Customised and automated searches regularly provide the most relevant information to analytic buckets. Find out exactly how below.

How feeds work

A cybernality feed regularly searches our knowledge graph for new information that is relevant to you. If it finds something new, the feed reports this back to the defined analytic bucket.

A feed needs at least the following information for this:

• Search query incl. filter: Represents a search query that the feed sends to the cybernality knowledge graph.

• Search frequency: The time interval at which the feed automatically executes the defined search query.

• Analytic Bucket: Defines the target for storing the information.

Feed example

You are a member of a SOC team and want to keep an eye on a specific APT group and its activities. To do this, you create a feed that takes over this task for you.

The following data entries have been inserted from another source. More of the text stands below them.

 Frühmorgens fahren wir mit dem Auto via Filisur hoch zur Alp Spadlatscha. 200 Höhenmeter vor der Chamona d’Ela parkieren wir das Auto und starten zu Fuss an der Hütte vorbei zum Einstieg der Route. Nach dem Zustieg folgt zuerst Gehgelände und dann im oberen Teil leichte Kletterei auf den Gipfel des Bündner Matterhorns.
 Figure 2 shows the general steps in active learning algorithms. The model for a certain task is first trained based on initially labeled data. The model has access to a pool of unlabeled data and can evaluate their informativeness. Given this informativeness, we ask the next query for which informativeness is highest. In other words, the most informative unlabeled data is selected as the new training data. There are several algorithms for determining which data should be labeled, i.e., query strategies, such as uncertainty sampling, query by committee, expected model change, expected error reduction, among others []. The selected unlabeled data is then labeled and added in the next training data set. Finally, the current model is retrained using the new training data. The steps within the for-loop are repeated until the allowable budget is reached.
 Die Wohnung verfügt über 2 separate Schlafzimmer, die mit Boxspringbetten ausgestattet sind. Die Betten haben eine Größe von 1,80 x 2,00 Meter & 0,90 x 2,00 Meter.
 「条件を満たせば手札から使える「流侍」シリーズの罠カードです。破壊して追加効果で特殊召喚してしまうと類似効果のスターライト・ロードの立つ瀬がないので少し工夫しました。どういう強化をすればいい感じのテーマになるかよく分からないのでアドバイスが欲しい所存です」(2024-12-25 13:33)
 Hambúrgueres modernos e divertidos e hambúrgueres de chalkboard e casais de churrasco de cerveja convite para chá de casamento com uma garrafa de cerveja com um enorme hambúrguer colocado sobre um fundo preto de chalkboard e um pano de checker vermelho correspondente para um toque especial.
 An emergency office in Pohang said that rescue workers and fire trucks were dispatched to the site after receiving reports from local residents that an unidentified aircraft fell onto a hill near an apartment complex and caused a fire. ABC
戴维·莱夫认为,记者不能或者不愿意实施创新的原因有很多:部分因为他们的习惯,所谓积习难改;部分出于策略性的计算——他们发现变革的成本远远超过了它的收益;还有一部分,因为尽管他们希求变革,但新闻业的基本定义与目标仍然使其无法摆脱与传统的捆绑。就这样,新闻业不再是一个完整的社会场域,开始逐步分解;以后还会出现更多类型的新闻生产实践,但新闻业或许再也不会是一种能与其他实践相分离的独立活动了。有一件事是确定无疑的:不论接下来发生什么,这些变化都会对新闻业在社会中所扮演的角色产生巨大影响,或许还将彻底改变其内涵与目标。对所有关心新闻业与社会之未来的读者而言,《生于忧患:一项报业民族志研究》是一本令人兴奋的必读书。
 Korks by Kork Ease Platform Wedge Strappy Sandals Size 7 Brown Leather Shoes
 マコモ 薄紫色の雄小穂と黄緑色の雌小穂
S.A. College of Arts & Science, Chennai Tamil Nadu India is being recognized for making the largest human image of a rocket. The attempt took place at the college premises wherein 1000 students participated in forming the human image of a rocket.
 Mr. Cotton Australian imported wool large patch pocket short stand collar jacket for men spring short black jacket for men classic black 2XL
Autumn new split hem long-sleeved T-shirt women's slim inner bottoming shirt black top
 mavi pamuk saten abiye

→ search query: {“query”: “apt28”}

→ Frequency: 1h

→ Analytic Bucket: “Threat Intelligence”

What does “new” result exactly mean?

The search query is executed for the first time when the feed is created. These results (max. 100) are saved as a baseline on the target analytic buckets. The next time the search query is executed, the new results are compared with the last baseline for each concerned analytic bucket. Search results that are not in the baseline are labelled as new results. The results of the current search also represent the new baseline for the next comparison.

How long does an analytic bucket store the results?

At the moment there is no data retention implemented. But this is planed for the near future.

Where can I find the results?

To see which results have been found for certain analytic buckets go to the dashboard. Here you can select the concerned analytic bucket which filters the result list accordingly.